I’m Not Gonna Write You a Love Song


Things were not good after The Ex Fiance found out I sent a “sexy” photo to another guy.

Which, fair enough. No, I didn’t cheat on him with his best friend or anything like that, but sure. I sent someone a photo with intent to excite, while in a committed relationship (with someone who wasn’t paying any attention to me).

One night, his friend Mar invited us both out for drinks in Hell’s Kitchen. I got dressed up in a pair of hot pink silk shorts and a black wool hat. “Tonight,” I told myself, “I’m going to remind him what makes us special.”

But once at the bar, he immediately ordered a shot of tequila, pounded it, and ordered a bourbon on the rocks. I ordered a fruity girly drink and sipped it slowly, watching him drink the night away.

Mar made sure to keep me included. “This is Ian-Michael,” she gushed, introducing me to another friend. “He’s going to be a famous writer someday.”

“Don’t say that,” The Ex Fiance spat from next to me, turning his head. “He doesn’t need that kind of positive reinforcement; he’s vain enough.”

Mar and I looked at each other for a long, awkward moment. Nobody said anything, until The Ex Fiance ordered “Another bourbon, maestro!”

Around midnight, The Ex Fiance paid his rather large tab, and I paid for my two girly drinks. “I just got invited to something a few blocks away,” he mumbled. “I’m gonna bounce.”
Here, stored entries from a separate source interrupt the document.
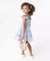 A little girl's dress in an all-over seersucker and floral schiffli with smocked bodice, flutter sleeves.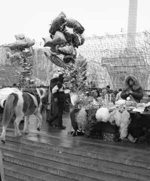 В 100 м от елки новогодняя ярмарка. За деньги угощают медом, пряниками, конфетами и булками. В 30 деревянных лотках продают куклы-мотанки, игрушки, сувениры. За 30-сантиметровую елку просят 100 грн, за куклу — 50. Самая длинная очередь возле палатки с глинтвейном и кофе. Рядом стоит 1,5-метровый пряник в целлофане. Неподалеку в мусорнике ищет бутылки бомж.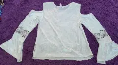 Blusa. Blusa de terciopelo, color dorado, talla M con diseño de encaje y bordado en las mangas y parte de enfrente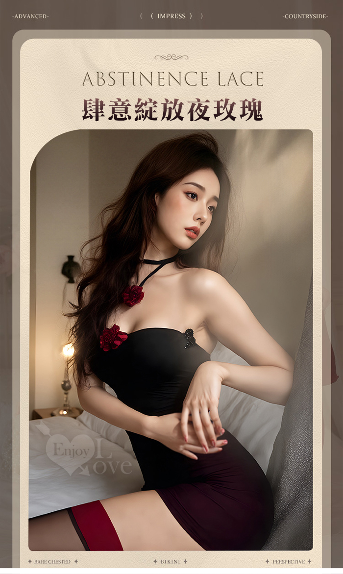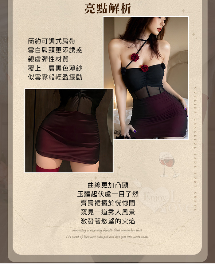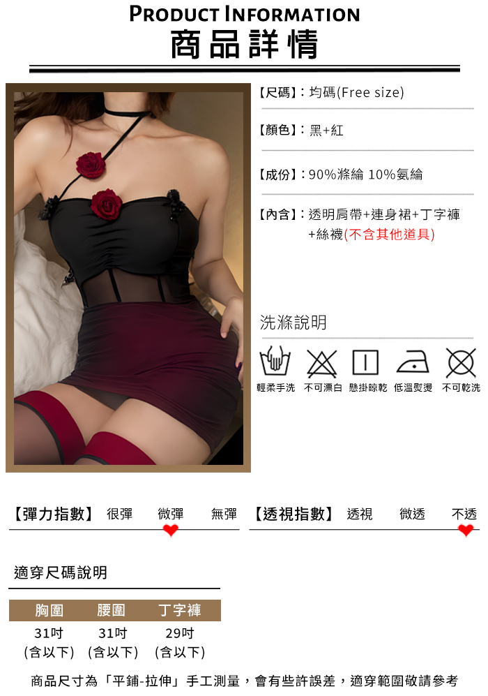 ►您現在的位置:首頁>情趣睡衣!輕紗掩映黑紅玫瑰綴飾透膚薄紗拼接連身裙四件式套裝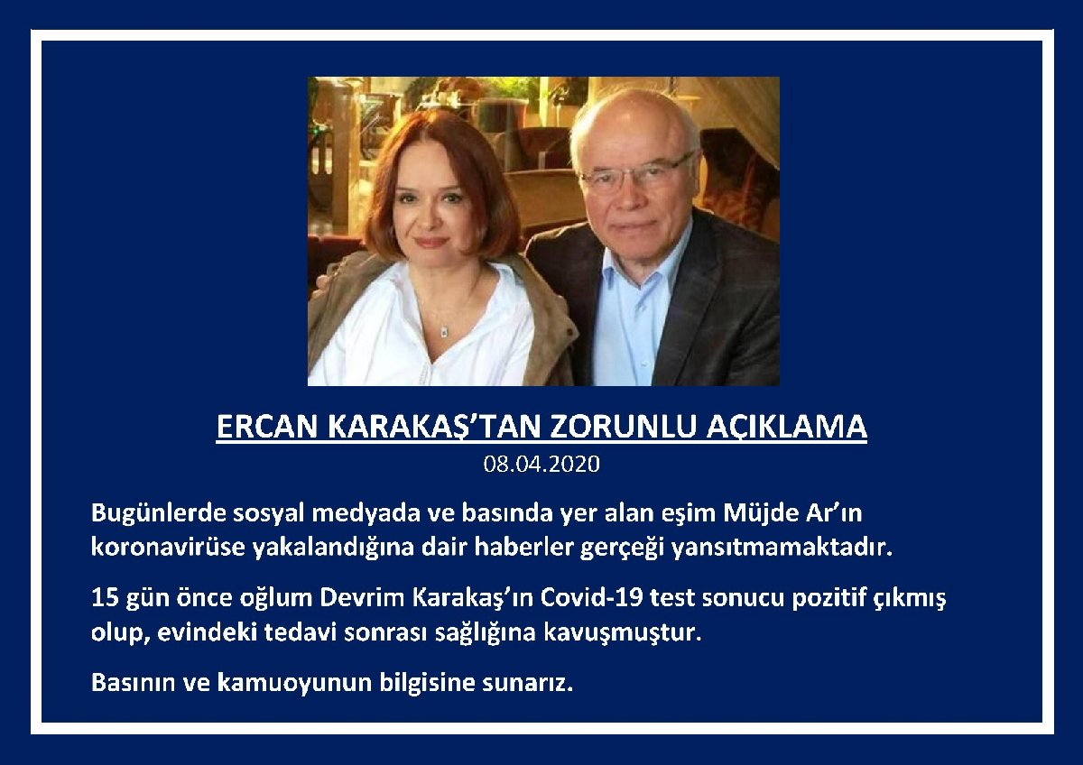 Müjde Ar'ın eşi Ercan Karakaş, "Zorunlu açıklama" başlığıyla yaptığı duyuruda, "Bugünlerde sosyal medyada ve basında yer alan eşim Müjde Ar'ın corona virüsüne yakalandığına dair haberler gerçeği yansıtmamaktadır. 15 gün önce oğlum Devrim Karakaş'ın Covid-19 test sonucu pozitif çıkmış olup, evindeki tedavisi sonrası sağlığına kavuşmuştur" ifadesini kullandı.

“Wanna go together?” I asked. He looked at me for another long, awkward moment before deciding, “Sure.”

As we walked down 10th Avenue, I kept trying to grab his hand, to lace our fingers together, to remind him we were together—but he kept pulling away. “Jesus, can you just hold my hand?” I snapped.

“FUCK YOU!” he screamed, turning around. I stood there, motionless, speechless. “Fuck you and everything about you. Fuck you for doing this to me!”

“I told you I’m sorry,” I said, quietly. “I don’t know what else I can do. I don’t know what I can say to make it better.”

“Maybe you can’t!” He put his hands over his face; pulled them away. “You broke it, Ian-Michael. YOU FUCKING BROKE IT.”

He turned around and kept walking, and I stood there, watching him go. He didn’t turn around, not once, and then he was out of sight, and I was alone.

Maybe I did break it. Maybe he broke it, in 2011, in Iowa, when he slept with my best friend while we were engaged. Maybe it was always broken, like a pretty typewriter you buy in a vintage shop that you know will never actually work. I bought our thrift store typewriter and I put in on display, for years. But The Ex FIance hadn’t tried to write on it in years, and I longed for a typewriter that could actually write my story.